** Problem statement **
Return the stretch from the line with "The patient may" through the line with "Qwiic versions of" in the data below, character for character, skipping all pictures.

───── Data records

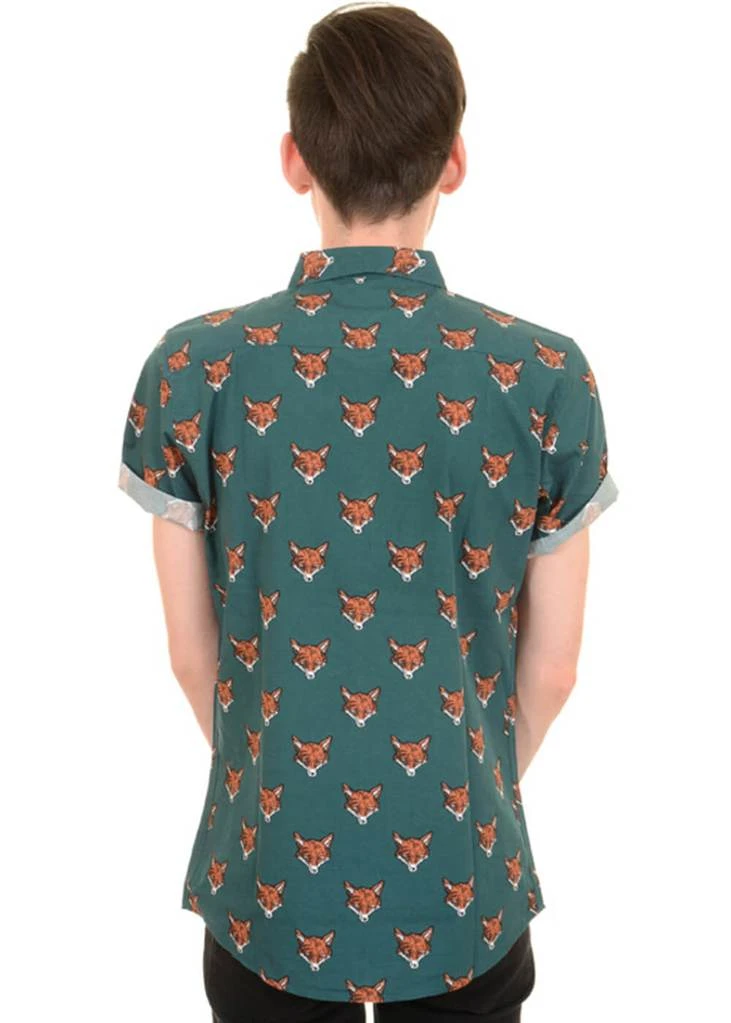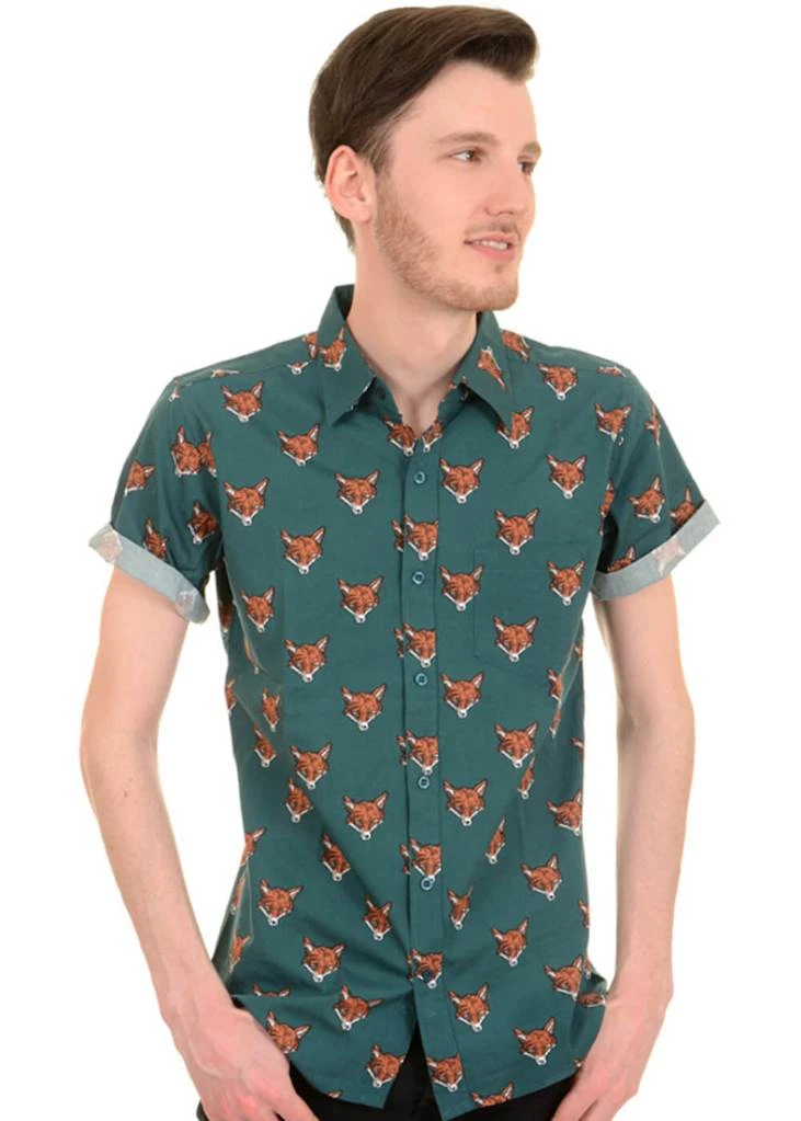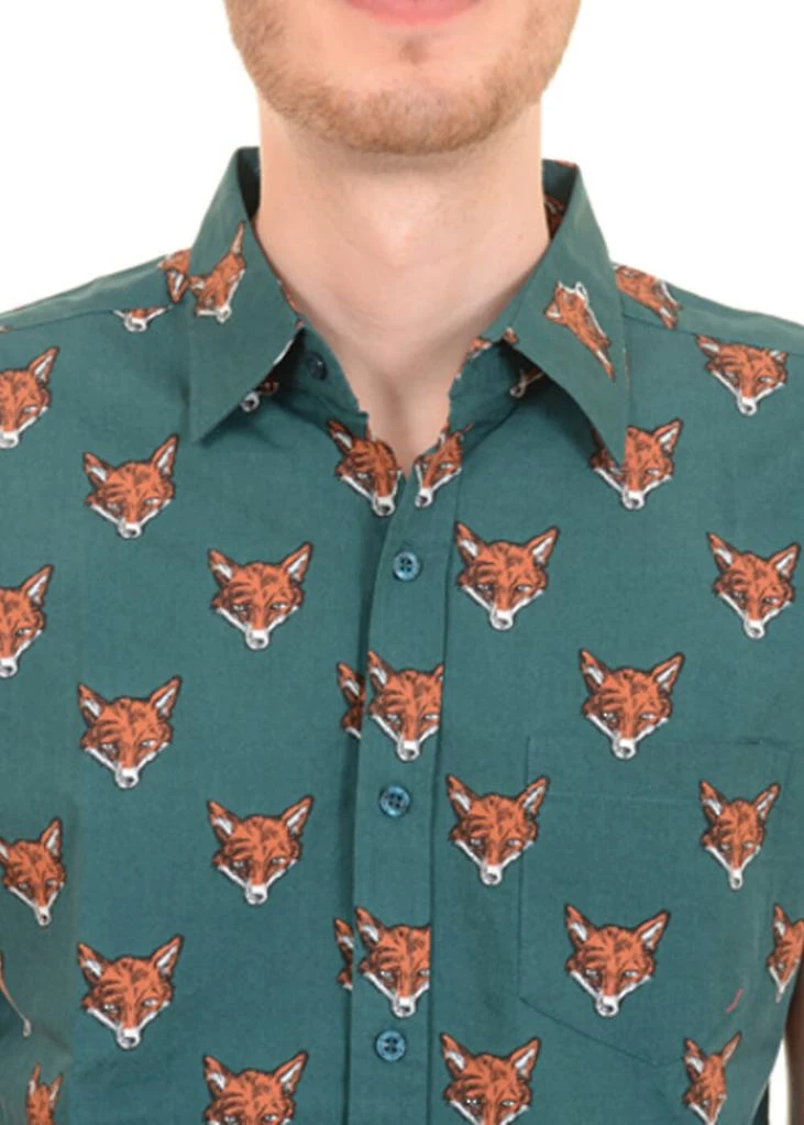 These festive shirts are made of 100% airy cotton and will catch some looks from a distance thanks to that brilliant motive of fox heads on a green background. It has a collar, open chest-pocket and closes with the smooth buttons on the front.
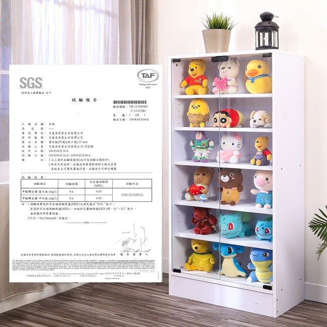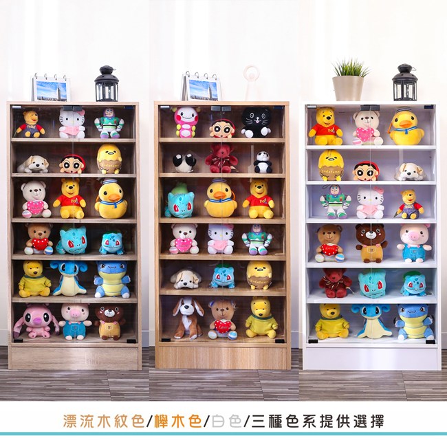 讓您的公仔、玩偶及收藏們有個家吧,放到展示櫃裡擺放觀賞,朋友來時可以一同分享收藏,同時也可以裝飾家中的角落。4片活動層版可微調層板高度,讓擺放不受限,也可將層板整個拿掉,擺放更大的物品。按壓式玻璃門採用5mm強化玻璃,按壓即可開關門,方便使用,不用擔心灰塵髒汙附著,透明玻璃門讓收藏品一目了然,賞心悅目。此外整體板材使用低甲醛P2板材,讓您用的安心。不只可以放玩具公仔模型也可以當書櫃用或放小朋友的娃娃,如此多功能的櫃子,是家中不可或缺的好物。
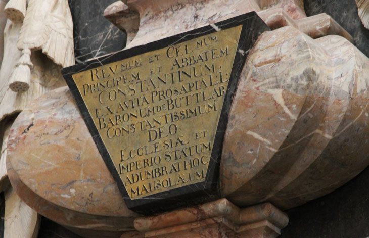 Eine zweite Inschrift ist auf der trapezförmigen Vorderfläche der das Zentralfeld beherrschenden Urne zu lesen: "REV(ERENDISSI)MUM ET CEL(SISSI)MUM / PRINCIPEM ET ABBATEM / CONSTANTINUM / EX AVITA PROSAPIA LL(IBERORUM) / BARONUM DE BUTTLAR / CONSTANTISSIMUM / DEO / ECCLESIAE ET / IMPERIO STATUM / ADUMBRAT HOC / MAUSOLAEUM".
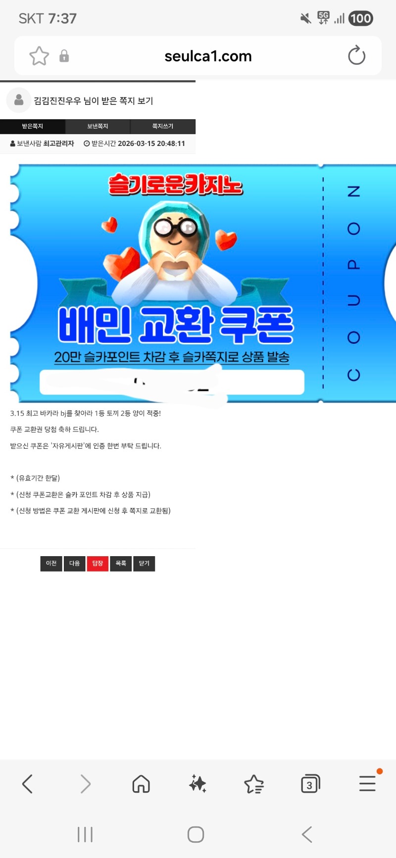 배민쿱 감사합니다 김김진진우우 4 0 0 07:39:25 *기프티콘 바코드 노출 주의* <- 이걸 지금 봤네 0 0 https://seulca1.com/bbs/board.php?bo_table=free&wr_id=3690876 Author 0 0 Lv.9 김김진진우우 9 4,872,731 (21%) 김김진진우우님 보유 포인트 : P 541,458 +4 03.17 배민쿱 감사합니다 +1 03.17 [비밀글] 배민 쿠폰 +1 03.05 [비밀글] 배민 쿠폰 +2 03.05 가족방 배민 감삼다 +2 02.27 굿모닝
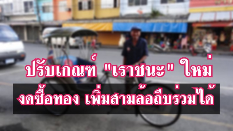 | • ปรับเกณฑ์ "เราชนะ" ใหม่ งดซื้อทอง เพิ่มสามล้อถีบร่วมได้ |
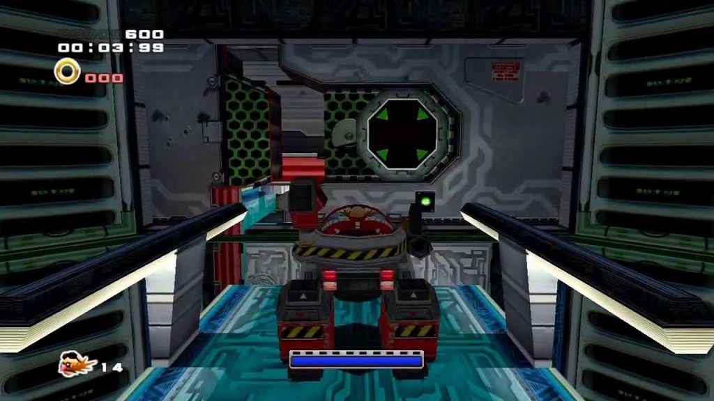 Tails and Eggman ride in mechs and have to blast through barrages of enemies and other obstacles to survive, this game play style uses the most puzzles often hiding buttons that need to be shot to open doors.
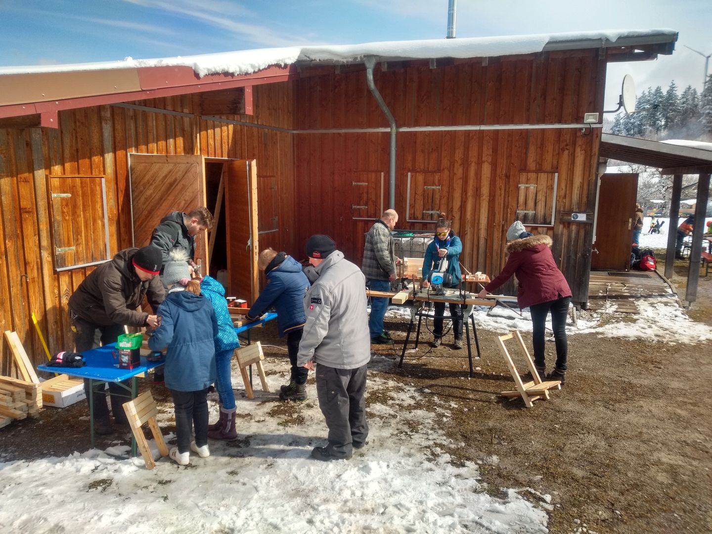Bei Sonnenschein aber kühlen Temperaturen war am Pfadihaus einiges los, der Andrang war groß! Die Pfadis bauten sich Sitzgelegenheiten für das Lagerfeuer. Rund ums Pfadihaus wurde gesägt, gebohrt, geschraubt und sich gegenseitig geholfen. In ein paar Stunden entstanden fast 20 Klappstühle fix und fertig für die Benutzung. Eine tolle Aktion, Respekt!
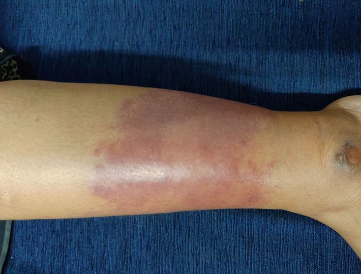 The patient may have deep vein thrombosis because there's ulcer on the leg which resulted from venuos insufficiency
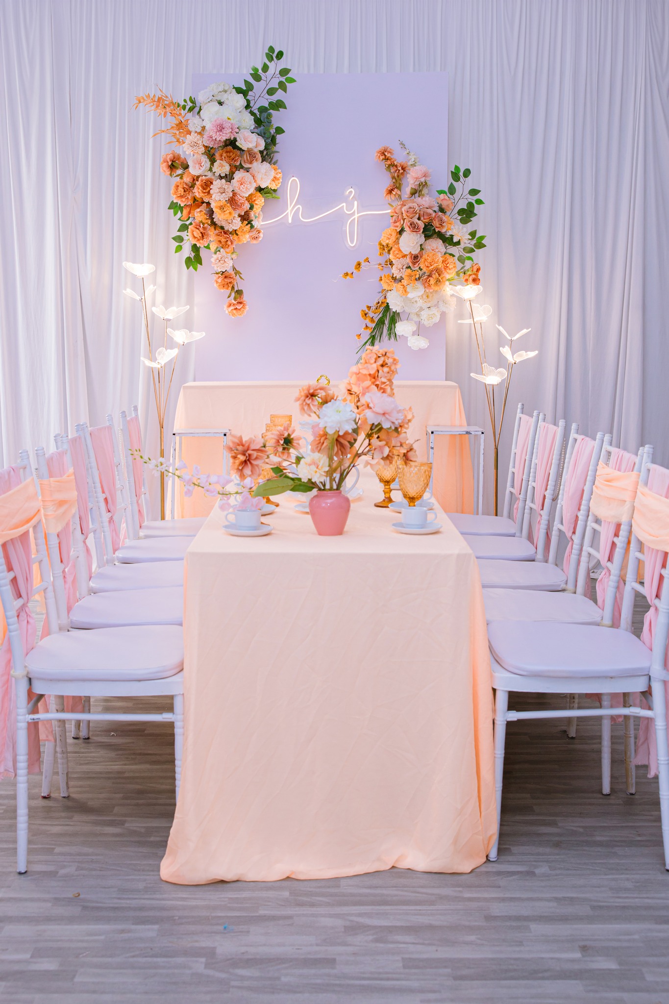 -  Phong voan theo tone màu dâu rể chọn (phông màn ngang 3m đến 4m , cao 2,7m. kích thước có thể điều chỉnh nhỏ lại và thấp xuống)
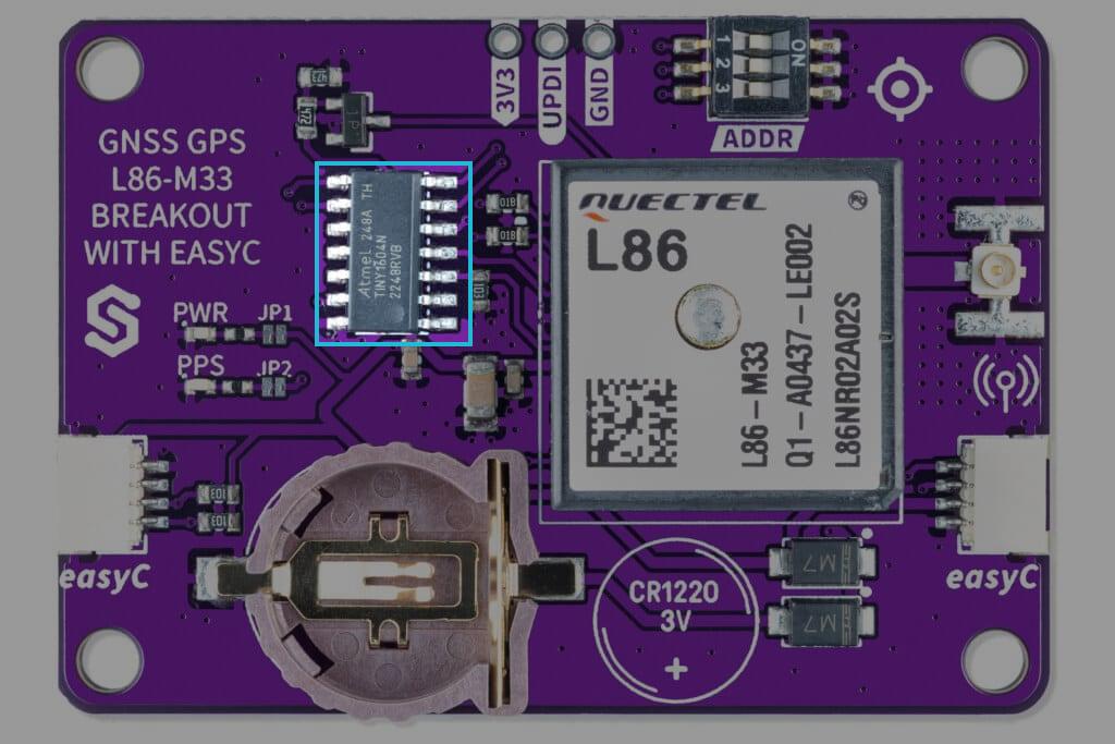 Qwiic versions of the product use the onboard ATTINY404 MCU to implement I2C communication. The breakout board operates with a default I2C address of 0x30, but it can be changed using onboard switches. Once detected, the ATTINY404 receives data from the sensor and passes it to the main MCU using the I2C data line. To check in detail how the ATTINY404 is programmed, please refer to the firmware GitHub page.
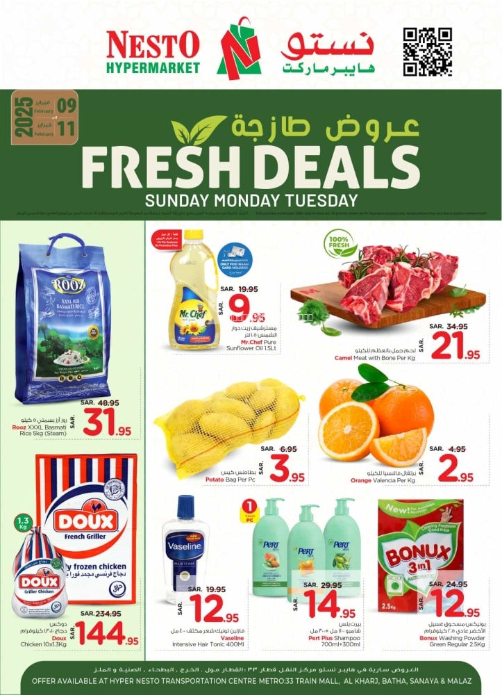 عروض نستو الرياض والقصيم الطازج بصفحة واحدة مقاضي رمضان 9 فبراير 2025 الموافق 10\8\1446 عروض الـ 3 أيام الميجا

──────────

** Response box **
 The patient may have deep vein thrombosis because there's ulcer on the leg which resulted from venuos insufficiency
 -  Phong voan theo tone màu dâu rể chọn (phông màn ngang 3m đến 4m , cao 2,7m. kích thước có thể điều chỉnh nhỏ lại và thấp xuống)
 Qwiic versions of the product use the onboard ATTINY404 MCU to implement I2C communication. The breakout board operates with a default I2C address of 0x30, but it can be changed using onboard switches. Once detected, the ATTINY404 receives data from the sensor and passes it to the main MCU using the I2C data line. To check in detail how the ATTINY404 is programmed, please refer to the firmware GitHub page.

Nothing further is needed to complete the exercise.